Rather than introduce new, more computerish types, I'll just keep the type names from our earlier real world example.

We declare a subtyping relation with an isa declaration that specifies the up and down procedures. We might also need to help the compiler prove that they are inverses. So we have Dog isa Mammal and Dog isa Quadruped. We automatically extend the subtyping so that if X isa Y and Y isa Z then we also have X isa Z. In our example we then have Dog isa Animal. Mathematically we now have a partial order (assuming the trivial rule that X isa X). Then we add the key rule from our real world types: lower types inherit all the properties from higher types. Thus the Dog type has all the properties of the Mammal type and of the Quadruped type, as well as additional Dog-specific properties.

We now see that a dog, i.e. a value of type Dog, can get converted upwards to Animal in 2 different ways. It is essential that both routes lead to the same value of type Animal. That doesn't mean that the two routes have to get to the same value as a string of bits. It just means that an equality check will pass and whichever choice is used in code one gets the same effects and result.

The reader might be beginning to suspect that this is not going to be as easy as it looked at first. And, indeed, it is about to get a lot harder. In our real world example the entities (animals) involved are collections of atoms, and their distinguishing properties are about how those atoms are arranged. It is tempting to think that the entities in programming are collections of bits, but that leads us astray, because we want the same bits to mean different things, depending on the type and its properties. The bits are just a means to an end. The values we want are mathematical entities of different types, and the properties of that type tell us what we can do with them. So it is not surprising that a correct subtyping scheme is based on mathematical ideas.
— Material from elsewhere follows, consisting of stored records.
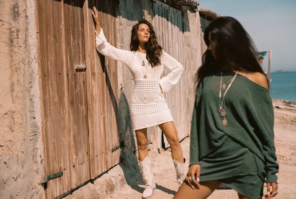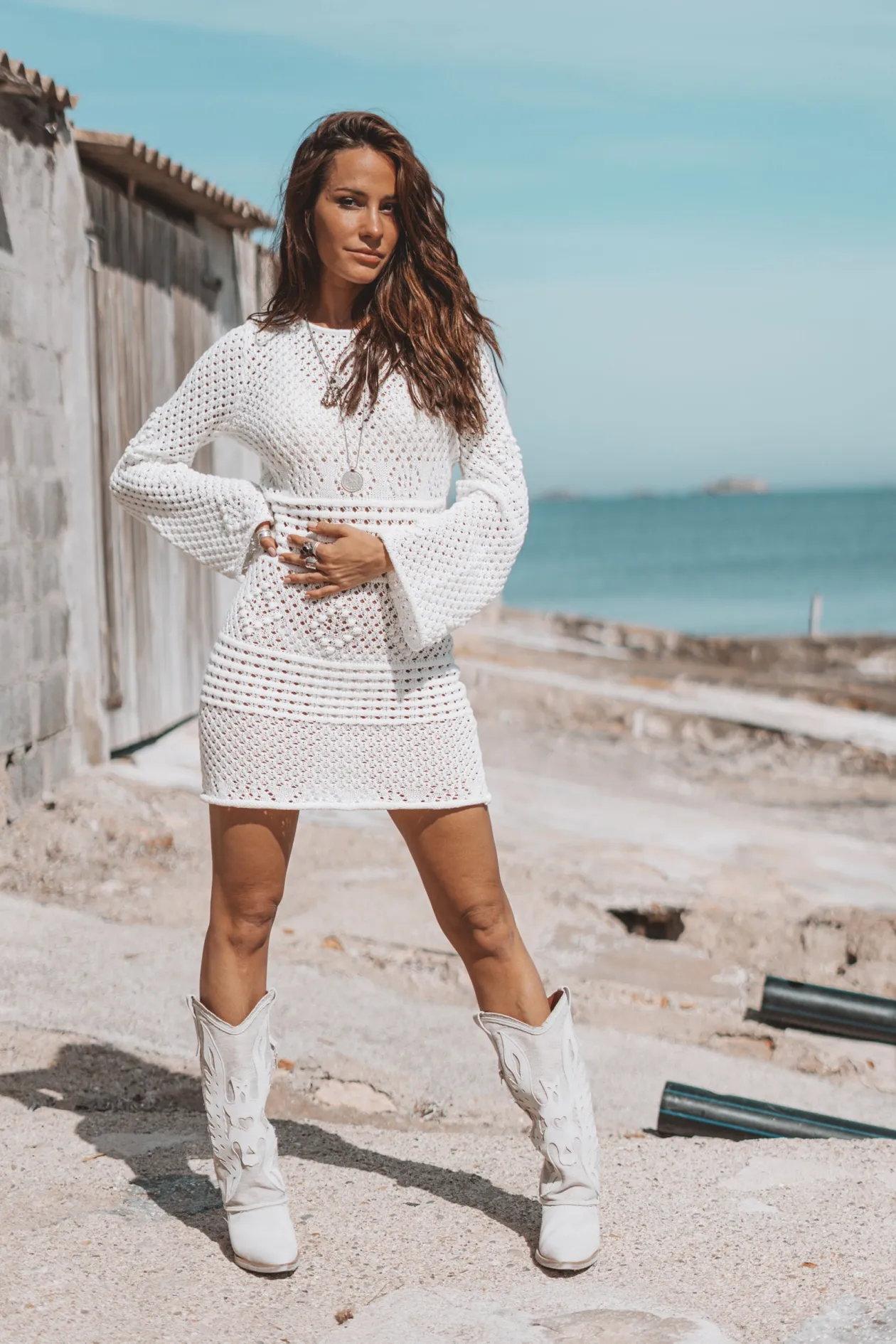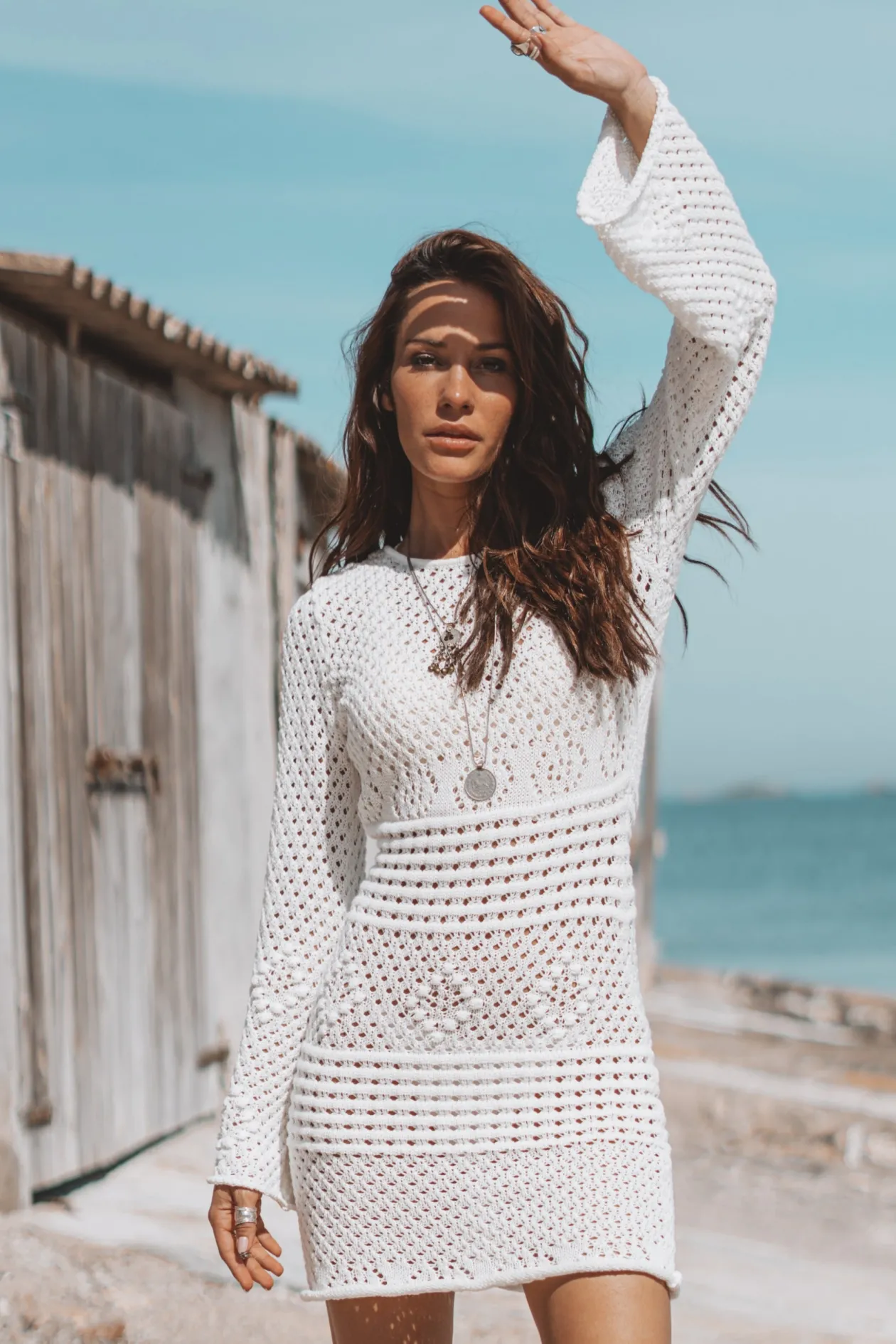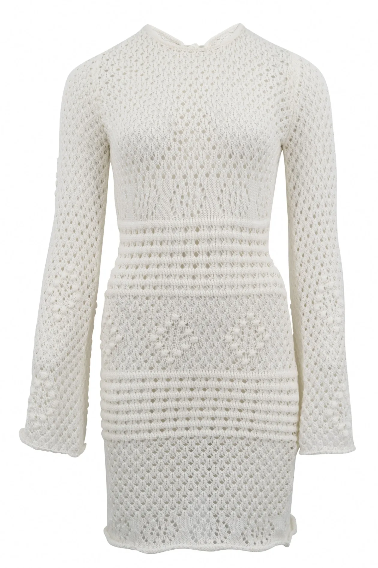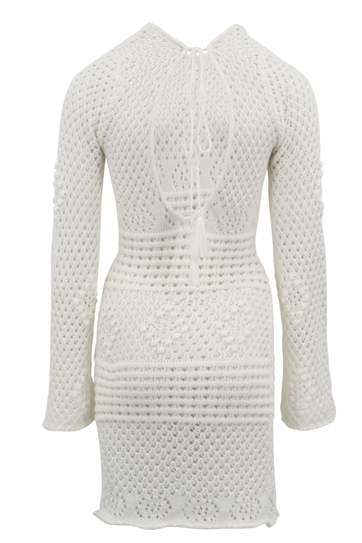 Erlebe die Magie des Zayn Ajour Summer Dress Off White, ein raffiniertes Strickkleid, das perfekt für jeden Sommeranlass ist. Mit seinen durchbrochenen Details, den ausgestellten Ärmeln und dem verführerischen offenen Rücken wirst du mühelos Boho-Chic ausstrahlen. Kombiniere es mit Sandalen für einen lässigen Look oder mit Absätzen für einen glamourösen Abend. Umarme deinen einzigartigen Stil!
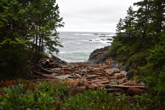 Am nächsten Tag gings weiter Richtung Tofino. Auf dem Weg dorthin wurde der Regen immer schlimmer. Also wenn sich in Hamburg nochmal jemand über den Regen beschwert, sollte er mal hierhin fahren. Von Felsen prasselten kleine Wassefälle direkt auf die Straße. Auf der Straße selbst gabs wirklich riesen Pfützen. Anhalten konnte man auch nicht wirklich, da es hier nichts gab. Keine Tankstelle, kein Restaurant keinen Ort. Natur pur! Zum Glück bin ich nicht gefahren und konnte es mir auf dem Beifahrersitz gemütlich machen. Ich fands total spannend, durcn die kanadische Wildnis zu fahren. Rahan war glaub ich ein bisschen genervt. Ich stellte mir vor wir Bären oder Pumas am Straßenrand auftauchen könnten und Rahan musste mit dem Regenwetter kämpfen. Wie gerufen lockerte die Wolkendecke auf und die Sonne kam raus. Wir stoppten am Long Beach für einen Spaziergang und fanden später einen traumhaften Campingplatz am McKenzie Beach. Dort zelteten wir im Wald mit Meeresblick. Wir machten Lagerfeuer und hatten einen wunderschönen Sonnenuntergang. Es war so herrlich, dass wir den Mietwagen und Campingplatz verlängerten. Wir besuchten noch den gemütlichen Surferort Tofino.
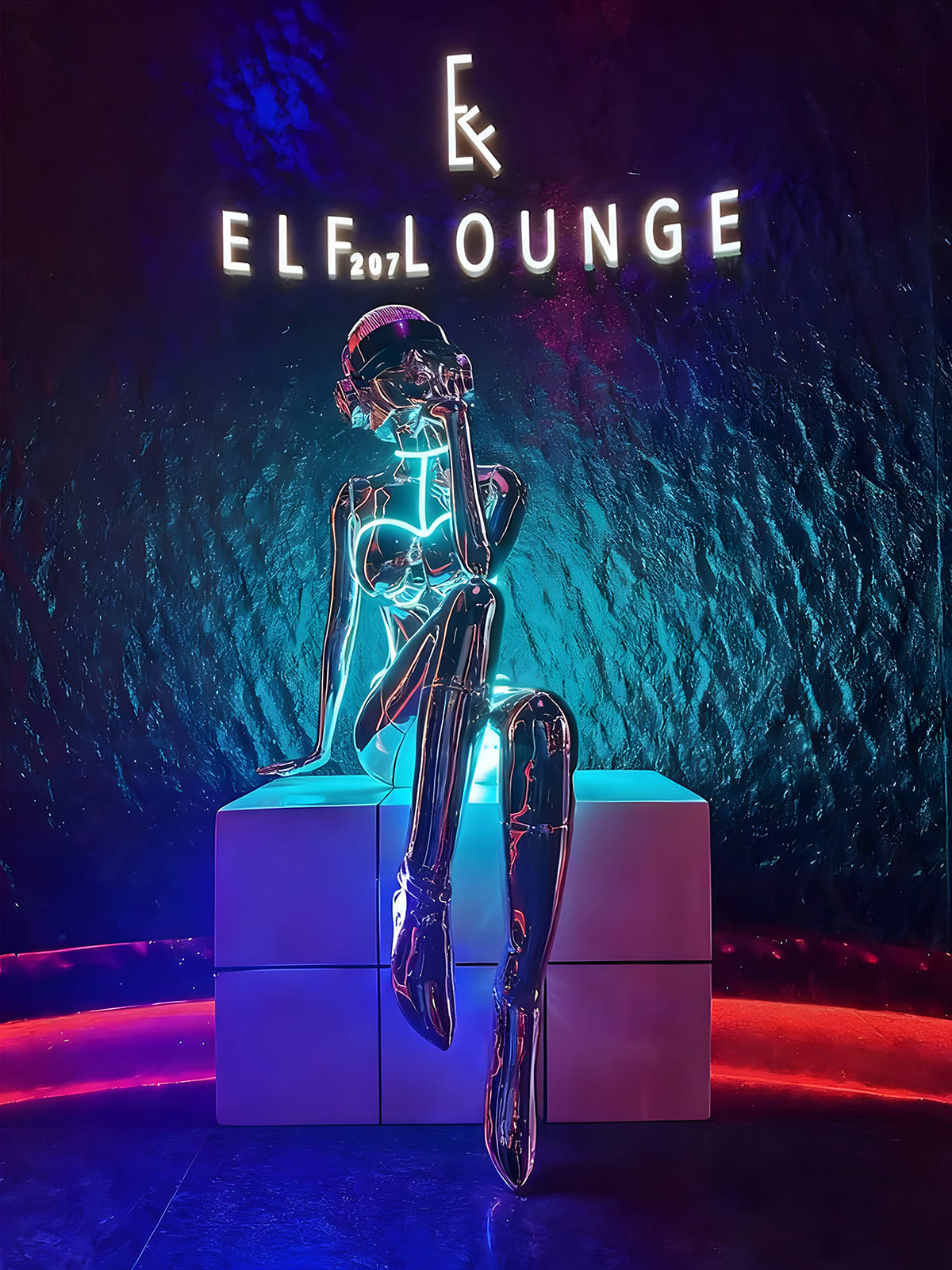 The glowing neon-like lines create an eye-catching effect, enhancing the room’s atmosphere with dynamic light.
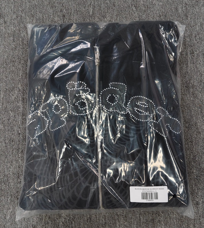 Trendy Brand Hoodie Casual Jacket Letter Black Strap Rhinestone Zipper Sp5-der Sweatshirt Men
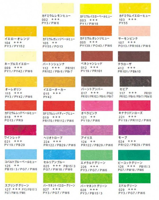 高級顔料を使用していますので発色・耐光性に優れています。均一性・着色性にも優れています。角型形状で、面塗りから線描まで対応できます。
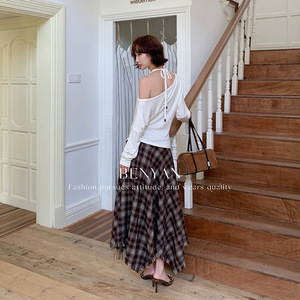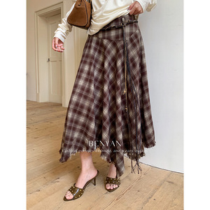 BENYAN本言 秋法式复古流苏格子A字显瘦半身裙女【送腰绳】82325
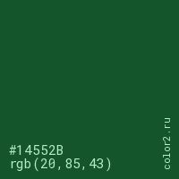 Цвет #14552B в цветовой модели RGB обозначается тремя октетами (20, 85, 43) в десятичном формате и #14552B в шестнадцатиричном (hex) формате, которые являются интенсивностью красного 20 (hex 14), интенсивность зелёного 85 (hex 55) и интенсивность синего 43 (hex 2B).
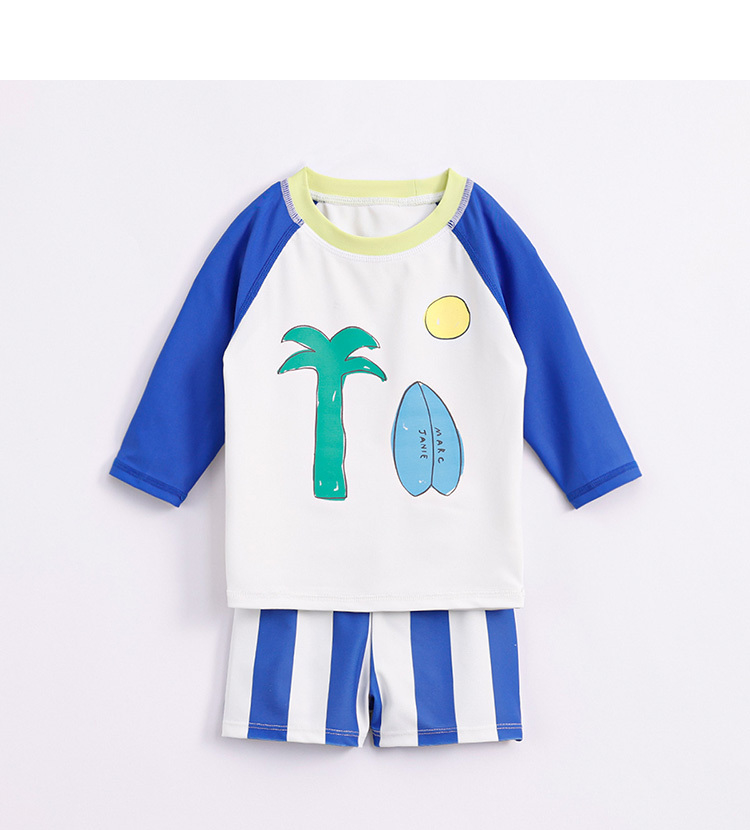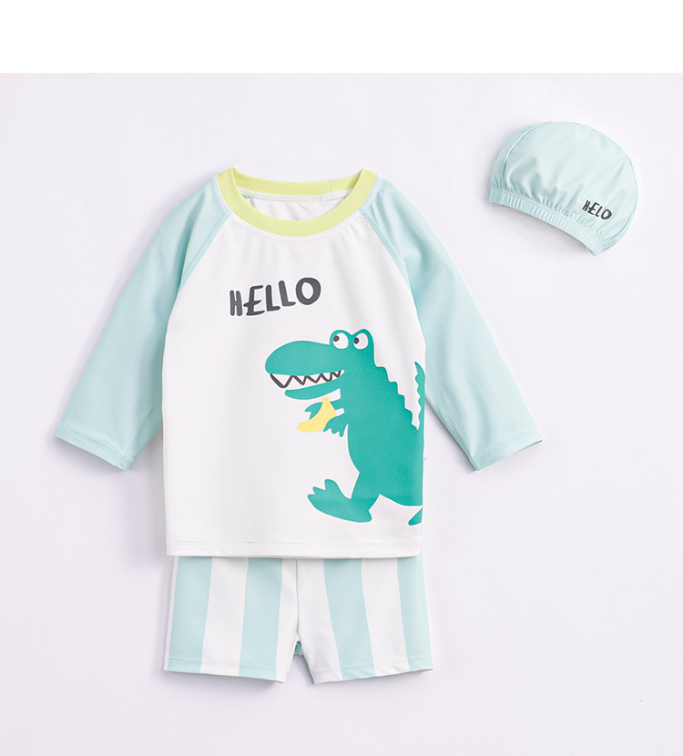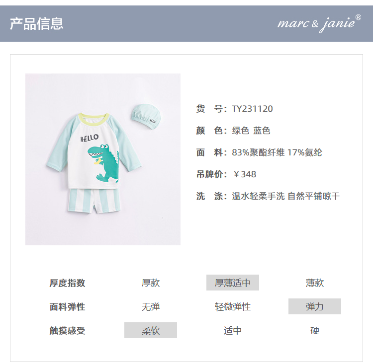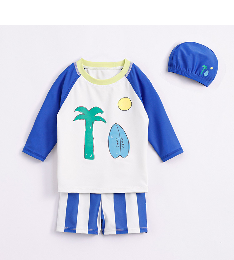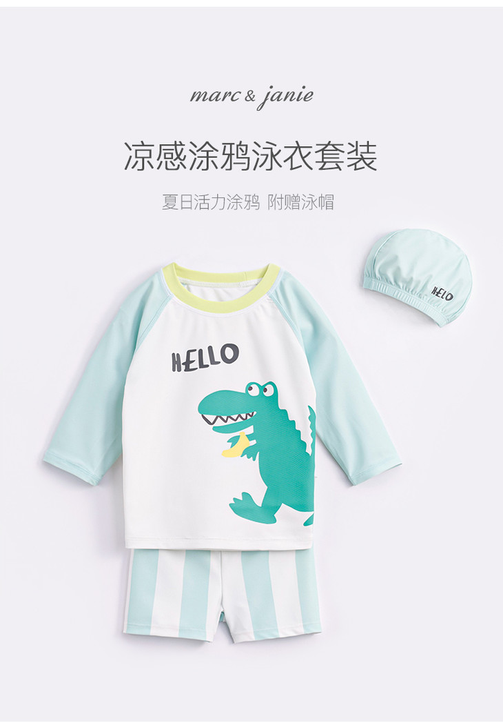 马克珍妮夏装新款 男童凉感防晒泳衣泳帽 儿童舒适游泳套装231120

If you have a set of elements in a partial order, then an upper bound is any element that is above all of them. A partial order is called a lattice (or an "order lattice") if every set of elements has a least upper bound and a greatest lower bound. An important case is sets ordered by set inclusion, for which the least upper bound is just the union of those sets (of sets), and the greatest lower bound is the intersection. 

We now expand our subtyping scheme to an order lattice. The proposed scheme makes our types behave very like sets, so it is natural to name the constructs Union and Intersection. It works like this:

  • If X isa Y then Union(X,Y)=Y and Intersection(X,Y)=X.
  • Otherwise the values of Union(X,Y) are the values of X and the values of Y plus an indication of which they came from. The properties are those inherited from types that are above both.
  • The properties of Intersection(X,Y) are the properties of either. The values are the combined values (i.e. the Union) of all types that are below both.
  • The generalization to sets of other than 2 types is mostly straightforward. A particular case is the empty set: Union() is Empty, the bottom type with no values but all properties; and Intersection() is Any, the top type with all values and no properties except downward conversion.

So here is our diagram with some of the new types:

The arrows shown to and from the unions and the intersection are automatically generated from the arrows defined as in the earlier diagram. To test equality in a Union we take the 2 downward links to their origin types, then the downward links to the Intersection of the two types and check equality there. Of course the values there come from another Union (of types below both) so we repeat. This is not a problem in practice. Creating an infinite regress is left as an exercise for the reader.

Another way of creating types is as subset types. This comes from an existing type and a subsetting predicate. The values of this type are those matching the predicate, and the properties are those of the base type. Two important examples are the singleton subset where the predicate picks out one value, and the empty subset where there are no values. These are the types you get when a calculation succeeds or fails respectively.